On the other hand, if I were to be trading the same system in 2008 / 2009, one stock that wouldn’t have been a part of my portfolio would be Satyam. Or for that matter, Punjab National Bank which has cratered 33% in this month alone hasn’t been in sniffing distance of getting a entry into Momentum portfolio.

Beating the benchmark Indices isn’t a piece of cake – big time professional fund managers are having a tough time beating the Index they benchmark against year after year. Active Investing requires one to beat the benchmark if only for the reason that there is no point in wasting time and energy if your returns could be generated by less action – by buying an Index fund for instance.

Concentrated or Diversified Portfolio is a question that has bothered many a brilliant mind. While Concentration can help if you get things right, Diversification ensures survival when things as usually they tend to do – go wrong.

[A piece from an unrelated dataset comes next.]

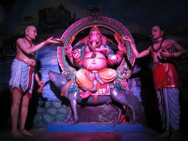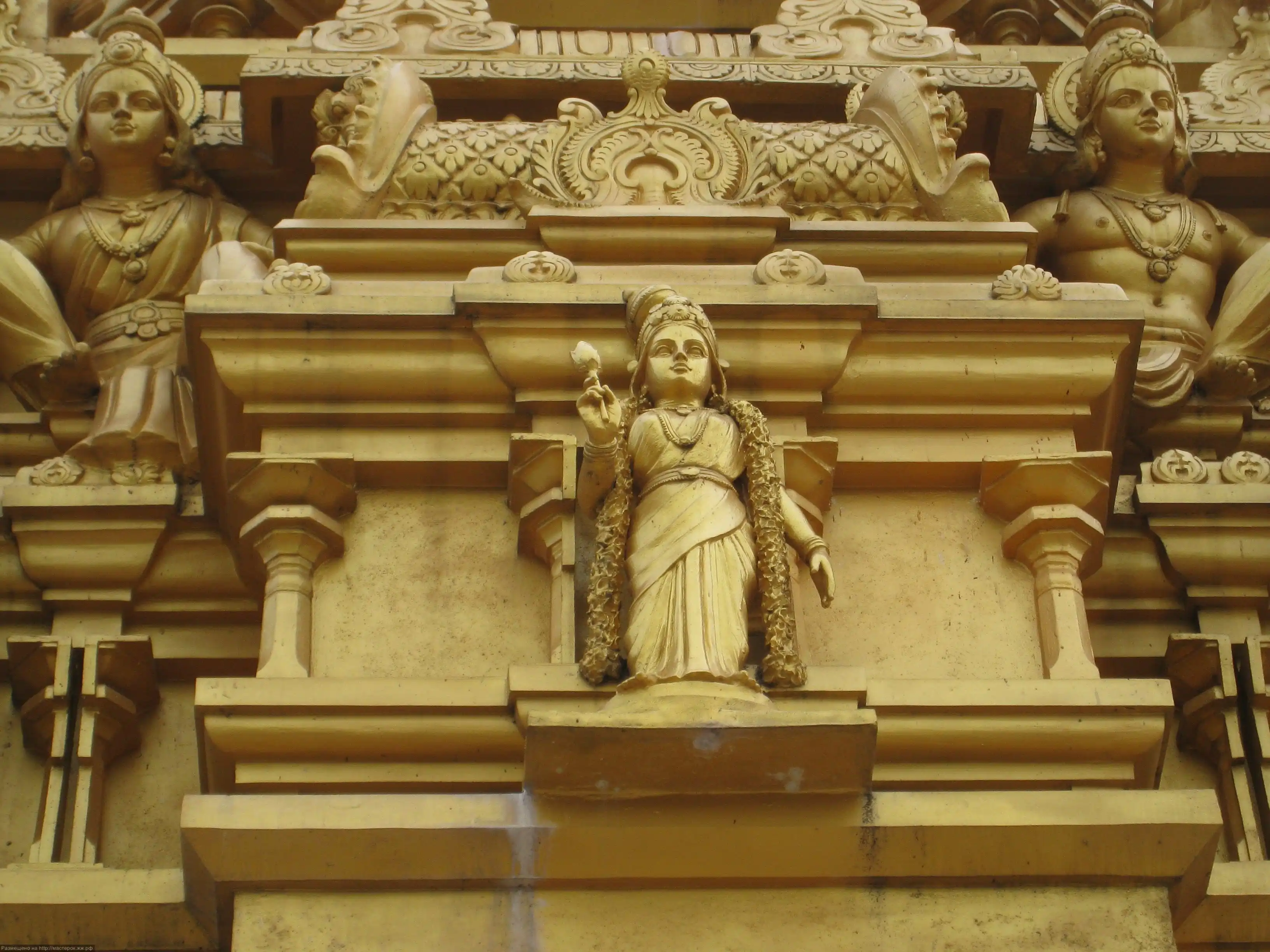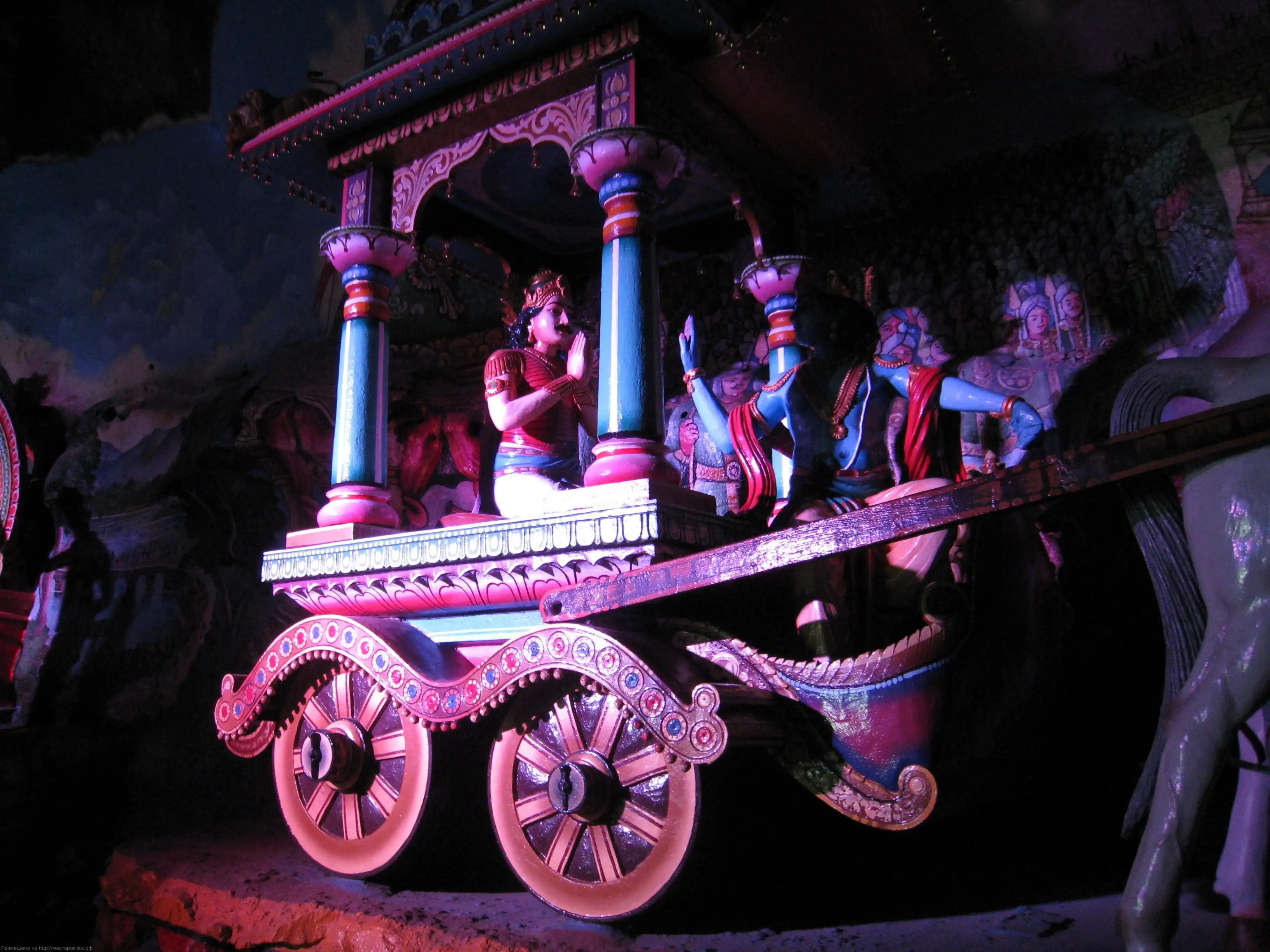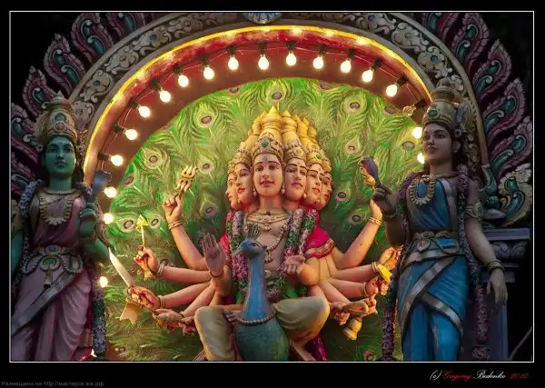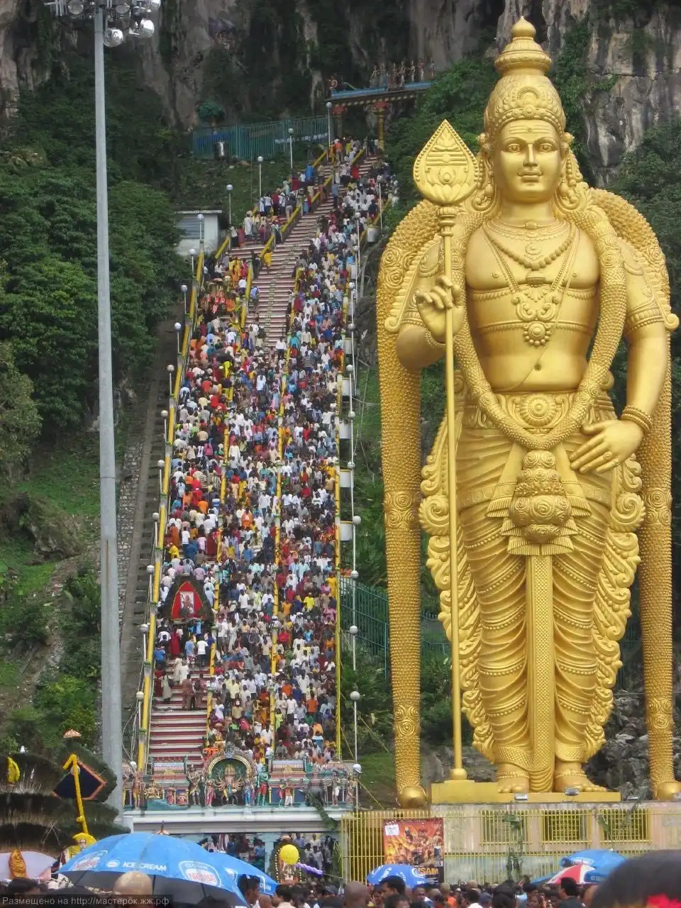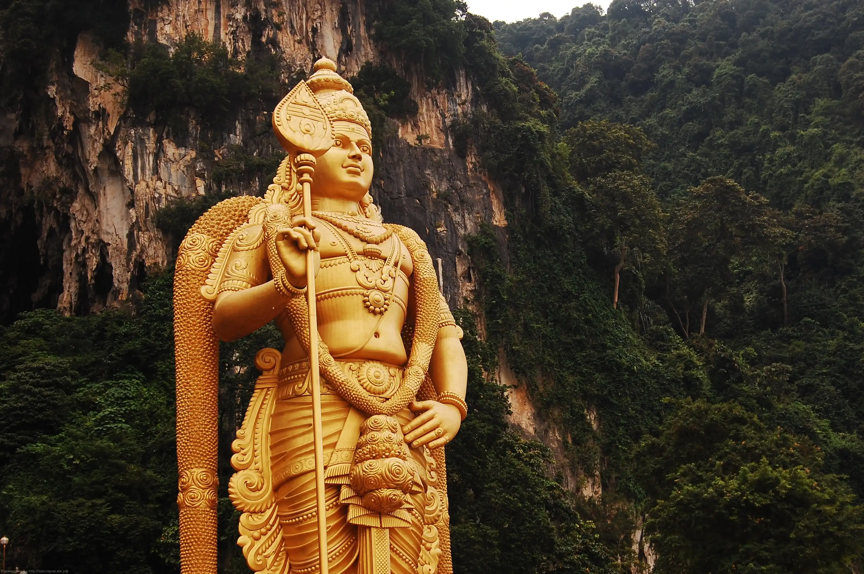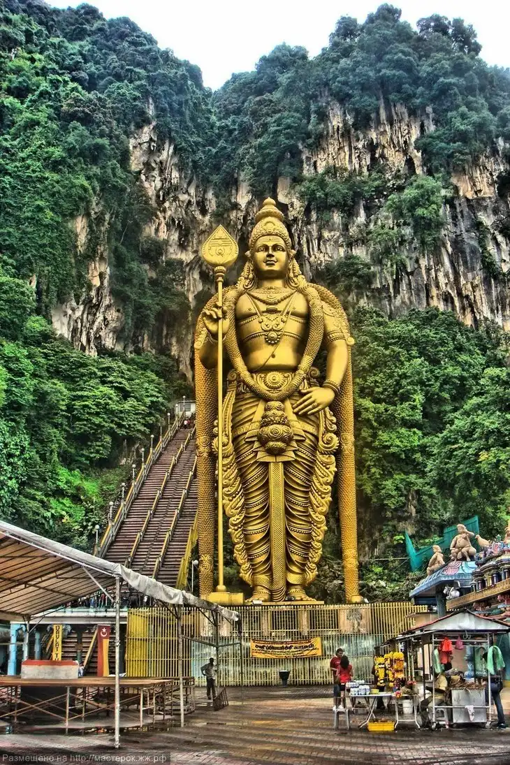 Где-то пишут, что это статуя Будды (и при чем здесь вообще Будда?), но на самом деле это божество Муруга, которому когда-то посвятил пещеры торговец Пиллаи. Статую вояли 3 года 15 индийских скульпторов, 15 местных художников и архитекторов из тонн бетона, арматуры и трехсот литров тайской золотистой краски. Статую водрузили на почетное место у подножия пещер в 2005 году.

In the latest Berkshire Hathway Annual Report, Warren Buffett writes and I quote

“Charlie and I view the marketable common stocks that Berkshire owns as interests in businesses, not as ticker symbols to be bought or sold based on their “chart” patterns, the “target” prices of analysts or the opinions of media pundits. Instead, we simply believe that if the businesses of the investees are successful (as we believe most will be) our investments will be successful as well. Sometimes the payoffs to us will be modest; occasionally the cash register will ring loudly. And sometimes I will make expensive mistakes. Overall – and over time – we should get decent results.

As much as we would love to think ourselves as part owners, the truth is that you are not. Anyone and everyone who has held any share for any part of the company is part of a business. But it’s the Management who are the real owners – be they holding 100% or 10% for finally it’s the way they run the company that determines how (in the long term) good or bad your investment can turn out to be.

When you as an investor think of a company as “your company” and as many an analyst talk to the management of companies by using the word “our company”, you are setting up for disappointment.

When it’s time to exit an investment, the illusion of control and knowledge can make it more difficult to make the choices you would have made in the normal circumstances.

Momentum Investing comes with the same risk as Value Investing – nothing more, nothing less. But once that risk opens, how you deal with the risk is what it all matters.